Los últimos leñadores que quedan en el campamento del bosque regresan a principios de otoño. Arriba queda un puñado de soldados encargados de vigilar las instalaciones y la maquinaria, a la espera de su desmantelamiento definitivo.
Los que han vuelto pasan el día en el cercado, puesto que ya no queda trabajo por hacer. A medida que la producción sale y van quedando transportes libres, los que están en condiciones de seguir trabajando son subidos en los camiones y sacados del valle. A finales de octubre solo queda una docena larga de cautivos, la mayoría ancianos y enfermos.

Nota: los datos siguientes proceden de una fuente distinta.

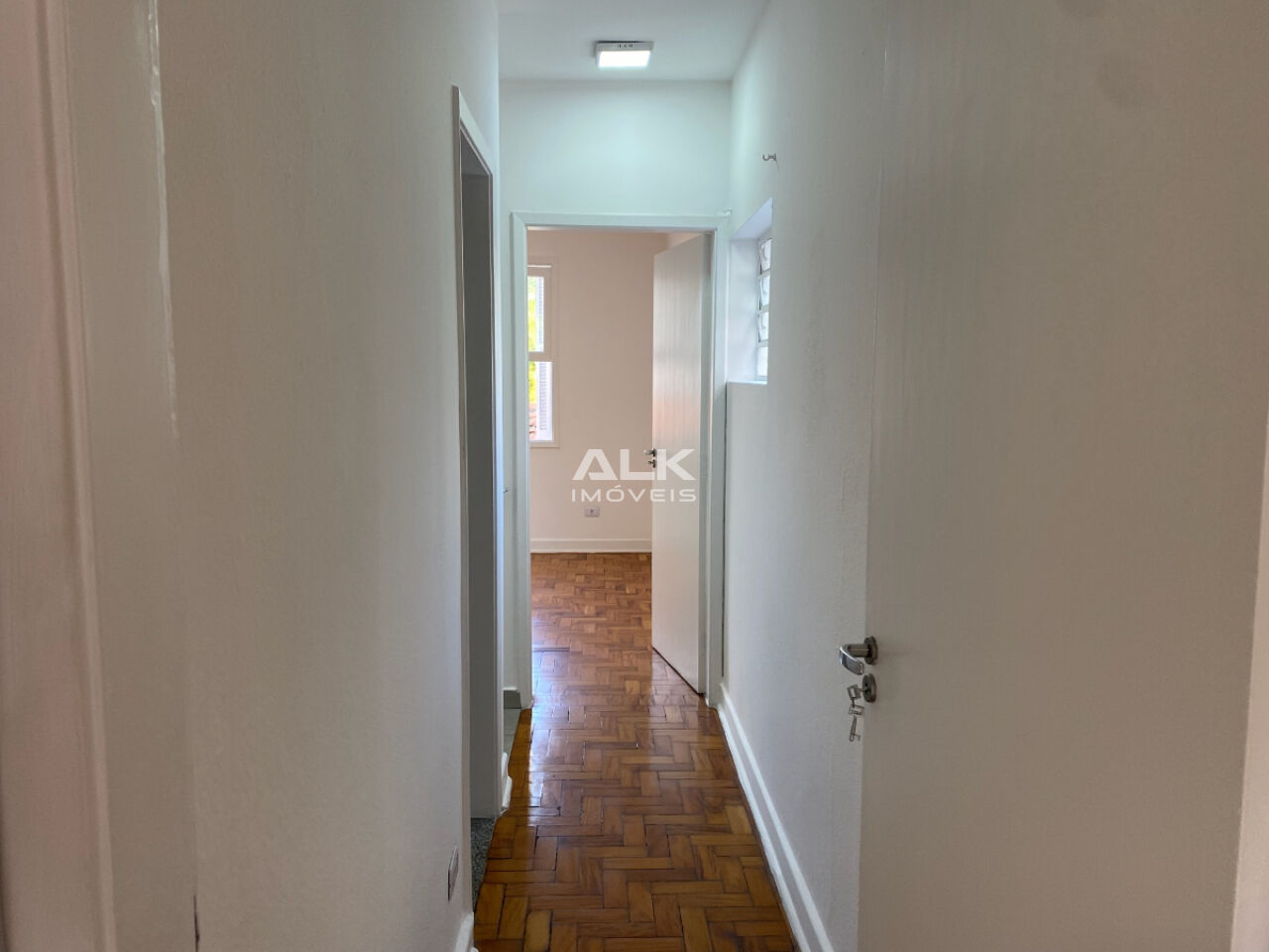 A escada leva à parte superior, onde estão dois dormitórios com piso de madeira em ótimo estado, que conferem ainda mais charme e sensação de acolhimento. Os ambientes são bem distribuídos e com ótimo aproveitamento de espaço. O banheiro social é funcional, com bom espaço.
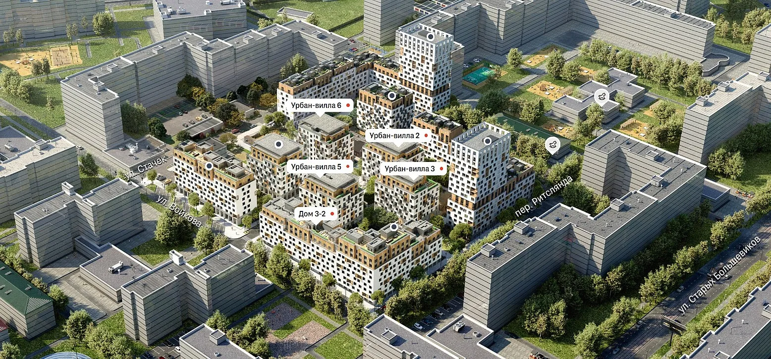 Квартал состоит из многоэтажных домов с тремя башнями по периметру и шести урбан-вилл внутри. В квартале «Северный квартал» сделаны закрытые дворы, свободные от машин, игровые площадки для детей разных возрастов, прогулочные садовые дорожки и спортплощадки. Пространство организовано так, чтобы занимающиеся спортом не беспокоили отдыхающих, а дети играли в безопасном месте двора
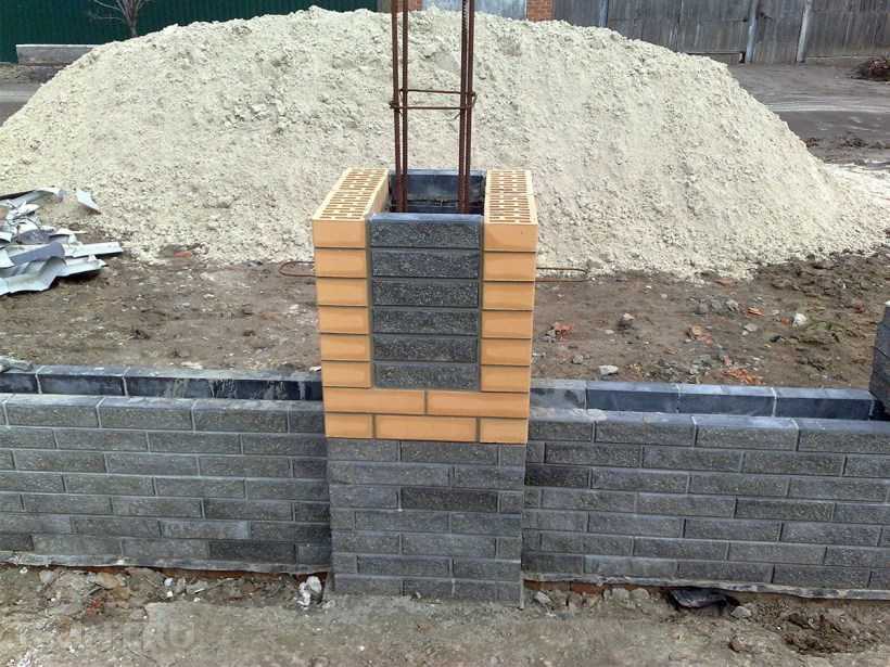 Далее выкладываются кирпичи. Итак, чередуя слои, строится весь забор. Чтобы он был прочным кладка должна осуществляться по всему периметру сразу ряд за рядом.

Murmura cuando camina, mueve la cabeza espasmódicamente. Algunas noches, mientras duerme, grita y se convulsiona. Alguien que no es Teresa, que no tiene su cara ni su cuerpo, que ni tan siquiera es una mujer, puede que ni un ser humano, camina sobre cenizas. No es posible distinguirla del fondo, pues sus ropajes son del color del grafito. Tampoco oír sus pasos, amortiguados por la alfombra gris. Pero hay un momento, un instante apenas perceptible, en el que su piel refleja el fulgor final de un ascua a punto de apagarse. Entonces cree reconocer a ese alguien que no es Teresa pero que participa de su mismo ser. El manto de grafito vuelve a disolverse en las cenizas pero ya no es igual porque, al despertar, aunque no pueda ser consciente de ello, hay algo en él capaz de volver a prender el fuego.